Первый тост, провозглашенный лично тамадой — женой Русанова, был, разумеется, за молодых, за их предстоящее долгое счастье. «Чтоб дочку с сыном…» — добавила Ефросинья Саввишна, не упускавшая случая пропагандировать свои принципы. Вторым, как старший по званию, говорил капитан Кузнецов:

— Вот что, Юра, ты знаешь, я не мастер отвешивать комплименты.
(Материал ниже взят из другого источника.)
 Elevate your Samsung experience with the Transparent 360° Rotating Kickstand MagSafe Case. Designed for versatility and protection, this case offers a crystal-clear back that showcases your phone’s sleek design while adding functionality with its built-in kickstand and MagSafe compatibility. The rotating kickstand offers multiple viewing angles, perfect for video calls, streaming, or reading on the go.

Скажу одно — ты создаешь вторую семью. — Тут он сделал паузу, с удовлетворением прочтя растерянность на лицах присутствующих, и продолжал: — Вторую, потому что первая здесь у тебя уже есть: это наша офицерская семья. — Подняв руку, он закончил: — Ты сразу стал полноправным членом первой семьи, потому что ты хороший человек и знающий офицер. Могу тебе сказать — гвардейцы тебя приняли. А у десантников этого добиться не просто!
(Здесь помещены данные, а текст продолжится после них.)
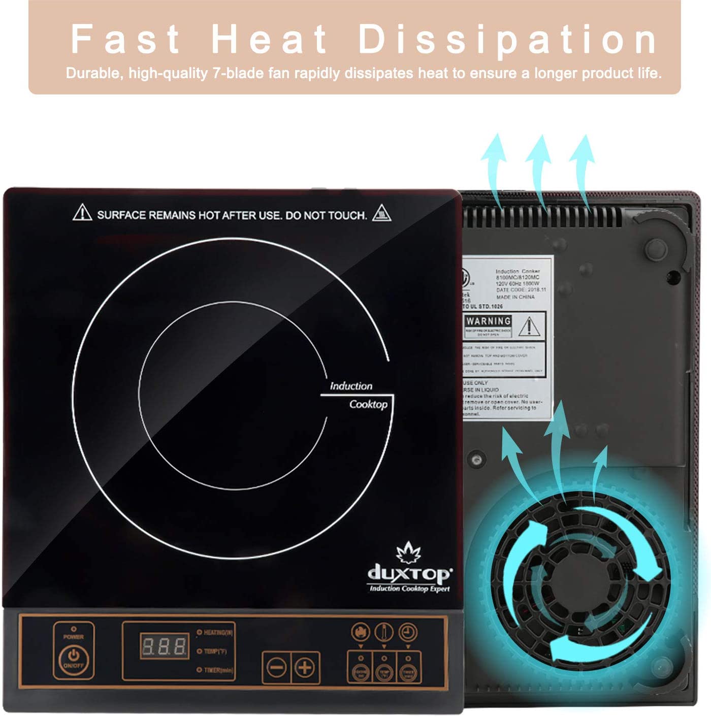 Duxtop 1800W Portable Induction Cooktop Countertop Burner. Silver 8120MC/BT-180G3

Следующую речь держал лейтенант Власов, как всегда, пересыпавший ее шутками.

— Мы — саперы, — гремел он, — минеры! А между минерами и молодоженами много общего: и те и другие должны обращаться с главной своей ценностью чутко и нежно. И те и другие должны терпеливо и осторожно ликвидировать мины и тайные ловушки, встречающиеся на пути; и те и другие, что главное, с самого начала не имеют права ошибаться! Но у тебя, Левашов, забот добавилось. Бернард Шоу говорил: «Женщина беспокоится о будущем до тех пор, пока не найдет мужа, мужчина начинает беспокоиться о будущем, когда находит жену». А другие англичане уверяют: «Когда двое поженились, они образуют одного человека. Вопрос в том, кого из двух». А вот…

Он мог бы говорить бесконечно, но тамада перебила его речь и дала слово Гоцелидзе. Гоцелидзе начал так:

— Вы, товарищ Власов (своей привычке называть всех на «вы» он не изменял ни при каких обстоятельствах), столько всякого наговорили, что нашему другу товарищу Левашову и его жене товарищу Наташе долго придется осмысливать ваши каламбуры. А я хочу напомнить молодоженам: если в ваш дом приходит счастье, не будьте жадными, как ростовщики, поделитесь немножко со своими друзьями, они вернут вам все с процентами…

— Вот те на! — хохотнул Власов. — Сам говоришь, не надо ростовщиком быть, и сам же проценты обещаешь!

— Не перебивайте, дорогой гость, — досадливо отмахнулся Гоцелидзе, — дайте договорить. Так вот, счастье не деньги. Денег ловкие фальшивомонетчики сколько хочешь напечатают, а счастье человек лишь тогда может иметь, если у него настоящее сердце. Я поднимаю этот маленький бокал за большое сердце нашего друга товарища Левашова. Мы знаем — оно сейчас целиком занято замечательным товарищем Наташей. Но пусть в нем найдется совсем маленькое местечко и для нас, его друзей, и для всего остального человечества!

Прежде чем произнести тост, Шуров некоторое время стоял молча. Говорил он негромко, и приходилось напрягать слух, чтоб расслышать его.